The rapidly recharging flashlight makes it surprisingly easy to keep these enemies at bay, making them seem less like inescapable manifestations of psychological grief and more like the hapless goofball ghosts from Luigi’s Mansion. 

Additionally, the flashlight can also be used to solve puzzles in certain situations too, serving as a sort of blacklight to reveal hidden messages on walls and floors and the like, but for the most part the puzzles in Layers of Fear are every bit as rudimentary as they were in the original releases. There’s a lot of scrutinizing your surroundings for numbers to input into combination locks or for the directions to dial open a safe, and rarely anything that demands more than a basic amount of brainpower.

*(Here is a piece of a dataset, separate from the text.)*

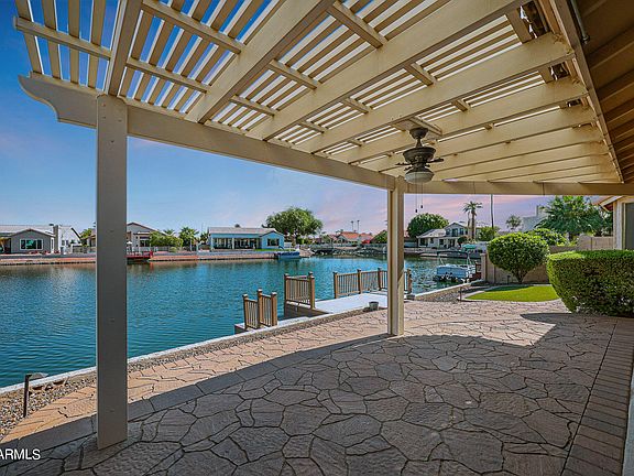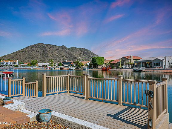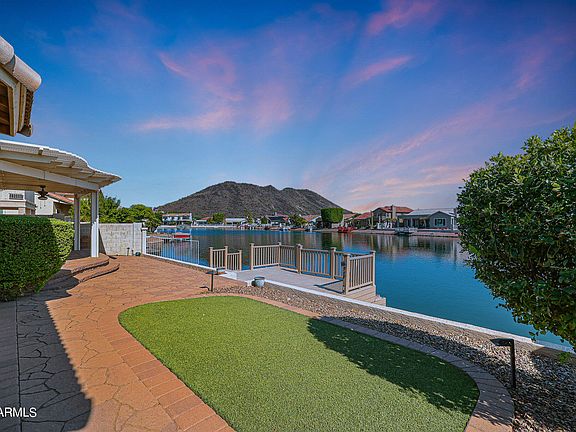 LAKE FRONT PROPERTY in the Highly sought after Arrowhead Lakes!! Enjoy amazing AZ sunsets from your own dock! Backyard boast peace and serenity with stunning mountain and lake views!! Low maintenance yard with Extensive hardscape, artificial turf allows you more time to enjoy those gorgeous sunsets, fishing or stargazing right off your own boat dock. Recently renovated the boat dock is also low maintenance with long lasting poly wood deck. Located on a cul-de-sac street for low traffic, this 3 bedroom 2 bath, features a 3 car garage with built in cabinets and epoxy floor. Step inside to be greeted by that stunning view through the rear windows for the home. Formal living and dinning room allow for additional living space for home office, home school or large holiday gatherings. The heart of the home situated off the back of the house to maximize the lake view is an open concept with family room and breakfast nook, featuring newer stainless steel appliances, granite counters and neutral paint scheme. Spacious Owner's suite, with cathedral ceilings, yet again taking in those picturesque lake views! Owner's baths features TWO walk in closets, double sinks, large garden tub, walk in shower and private toilet room. Both bedrooms 2 & 3 have vaulted ceilings giving them a more spacious feel. All this located minutes to the 101 Fwy for easy commutes and all the shopping and entertainment the Arrowhead area allows.

The only puzzle I struggled to solve was trying to determine why you can crouch in the actor’s chapters but not in the painter’s – it’s as though halfway through Layers of Fear you suddenly remember you have knees. 

Writing Wrongs

Tying together the painful plights of the painter and the actor from the previous releases, Layers of Fear introduces the writer’s story, which is weaved in and out of the two main narratives. The unnamed author is holed up in a remote lighthouse writing a book about the painter, but she has her own personal demons to deal with and has to combat similar hallucinated happenings to those inflicted upon the other two main characters. This new side-story doesn’t do anything to elevate the forced-fright formula established elsewhere, but it does serve as solid connective tissue to bridge the two tales together, and provides a tantalizing glimpse at the fate of the series’ main antagonist depending on which ending you arrive at, based on a handful of choices along the way.  

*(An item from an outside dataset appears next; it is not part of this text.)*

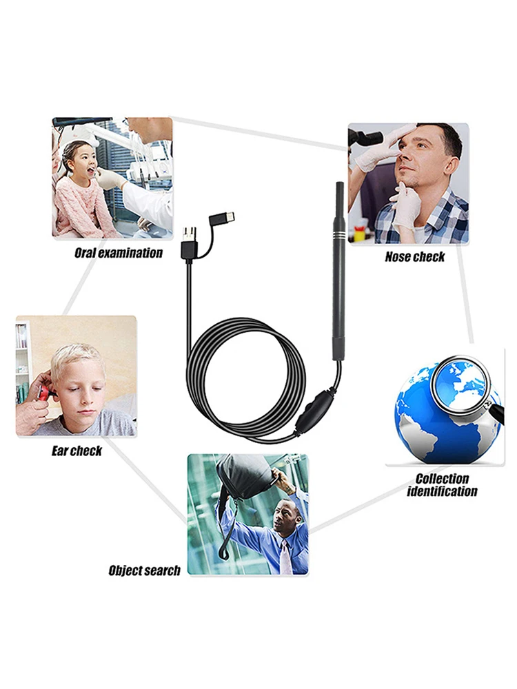 1.SupportAndroid / PC system, flexible semi-rigid cable, can be bent to maintain its shape, not only can enter the closed place for ear wax cleaning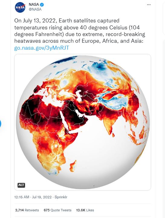 अमेरिकी अन्तरिक्ष एजेन्सी नासाले एसिया, युरोप, उत्तर अफ्रिका र पश्चिम एसियामा चर्को गर्मीबारे विश्वलाई चेतावनी दिएको छ । यी सबै ठाउँमा तापक्रम ४० डिग्री नाघेको छ भने धेरै ठाउँमा गर्मीले रेकर्ड तोडेको छ । नासाद्वारा सार्वजनिक यो तस्विरले पूर्वी गोलार्धमा सतहको तापक्रम कस्तो छ भनेर देखाउँछ। यो तस्बिरमा यो नीलो धरती चर्को गर्मीका कारण रातो देखिन्छ । यो तस्विरमा उत्तरी भारत पनि कडा गर्मीको सामना गरिरहेको देखिन्छ। नासाको गोडार्ड स्पेस फ्लाइट सेन्टरका स्टिभन पावसनले विभिन्न ठाउँमा चिसो हुँदा देखिने निलो रङ अहिले रातोमा परिणत भएको जुन अत्यधिक गर्मीको सङ्केत हो भन्ने स्पष्ट रूपमा देखिएको बताएका छन् । पृथ्वीको यो विशाल क्षेत्र चर्को गर्मीको चपेटामा छ ।

In fact there’s a heck of a lot of story to sift through in this Layers of Fear including optional mini-campaigns that revolve around the painter’s daughter and wife, so it’s a shame that a lot of the freshly recorded dialogue for the countless letters and notes you find is either delivered awkwardly, features grammatical errors, doesn’t match up with the text on screen, or is a combination of all of the above. Given how great Candyman’s Tony Todd remains as the booming voice of the director in the actor’s story, it’s disappointing that so many of these new supporting performances aren’t delivered with anywhere near the same amount of command or conviction.

Layers of Fear serves up a series of atmospheric and often surreal trips through the shattered psyches of some seriously tortured artists. It’s made all the more eye-catching thanks to Unreal Engine 5, and the addition of the flashlight provides some interesting new ways to both interact with your surroundings and mitigate the frustration of the stalker encounters previously suffered in the original games. However, its sleight of hand scare tactics are still all too clearly telegraphed and this predictable formula grew stale long before I reached the end of each of its main story threads. Ultimately Layers of Fear comes across as a largely scare-free 13-hour crawl through a string of mildly creepy hallways as opposed to a truly terrifying trek into darkness.